Data for this task —
###

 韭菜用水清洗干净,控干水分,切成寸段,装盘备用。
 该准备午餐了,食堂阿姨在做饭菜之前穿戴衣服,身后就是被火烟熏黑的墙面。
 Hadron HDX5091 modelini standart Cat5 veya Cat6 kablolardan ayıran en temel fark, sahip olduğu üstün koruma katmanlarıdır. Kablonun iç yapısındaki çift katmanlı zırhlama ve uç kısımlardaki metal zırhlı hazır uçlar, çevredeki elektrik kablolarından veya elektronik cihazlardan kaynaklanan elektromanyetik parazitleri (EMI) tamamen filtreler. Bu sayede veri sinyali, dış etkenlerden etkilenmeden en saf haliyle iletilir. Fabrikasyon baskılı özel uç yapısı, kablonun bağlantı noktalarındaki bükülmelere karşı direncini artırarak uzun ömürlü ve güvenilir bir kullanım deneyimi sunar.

###

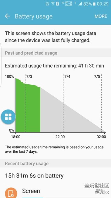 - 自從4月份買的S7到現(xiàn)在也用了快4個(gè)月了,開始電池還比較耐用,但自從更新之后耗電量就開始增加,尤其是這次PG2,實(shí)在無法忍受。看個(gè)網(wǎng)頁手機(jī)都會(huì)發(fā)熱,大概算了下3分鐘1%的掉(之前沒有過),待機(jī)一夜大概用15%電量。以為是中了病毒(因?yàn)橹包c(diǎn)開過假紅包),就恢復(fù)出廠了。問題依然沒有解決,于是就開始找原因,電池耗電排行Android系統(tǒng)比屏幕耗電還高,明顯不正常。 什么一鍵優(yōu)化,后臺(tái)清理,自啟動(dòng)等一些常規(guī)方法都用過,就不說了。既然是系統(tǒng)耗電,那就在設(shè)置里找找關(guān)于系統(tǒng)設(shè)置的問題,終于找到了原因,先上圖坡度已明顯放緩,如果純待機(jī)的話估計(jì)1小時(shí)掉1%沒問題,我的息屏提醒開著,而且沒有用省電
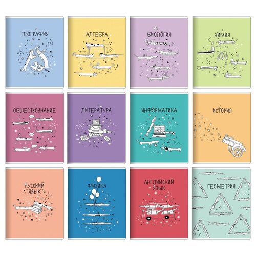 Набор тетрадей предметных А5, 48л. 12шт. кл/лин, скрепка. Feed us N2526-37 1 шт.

###

Instructions for the task — Within the material above, extract exactly the lines that start at the line containing "韭菜用水清洗干净,控干水分,切成寸段,装盘备用。" and stop after the line containing "Hadron HDX5091 modelini", and only those.

Task answer —
 韭菜用水清洗干净,控干水分,切成寸段,装盘备用。
 该准备午餐了,食堂阿姨在做饭菜之前穿戴衣服,身后就是被火烟熏黑的墙面。
 Hadron HDX5091 modelini standart Cat5 veya Cat6 kablolardan ayıran en temel fark, sahip olduğu üstün koruma katmanlarıdır. Kablonun iç yapısındaki çift katmanlı zırhlama ve uç kısımlardaki metal zırhlı hazır uçlar, çevredeki elektrik kablolarından veya elektronik cihazlardan kaynaklanan elektromanyetik parazitleri (EMI) tamamen filtreler. Bu sayede veri sinyali, dış etkenlerden etkilenmeden en saf haliyle iletilir. Fabrikasyon baskılı özel uç yapısı, kablonun bağlantı noktalarındaki bükülmelere karşı direncini artırarak uzun ömürlü ve güvenilir bir kullanım deneyimi sunar.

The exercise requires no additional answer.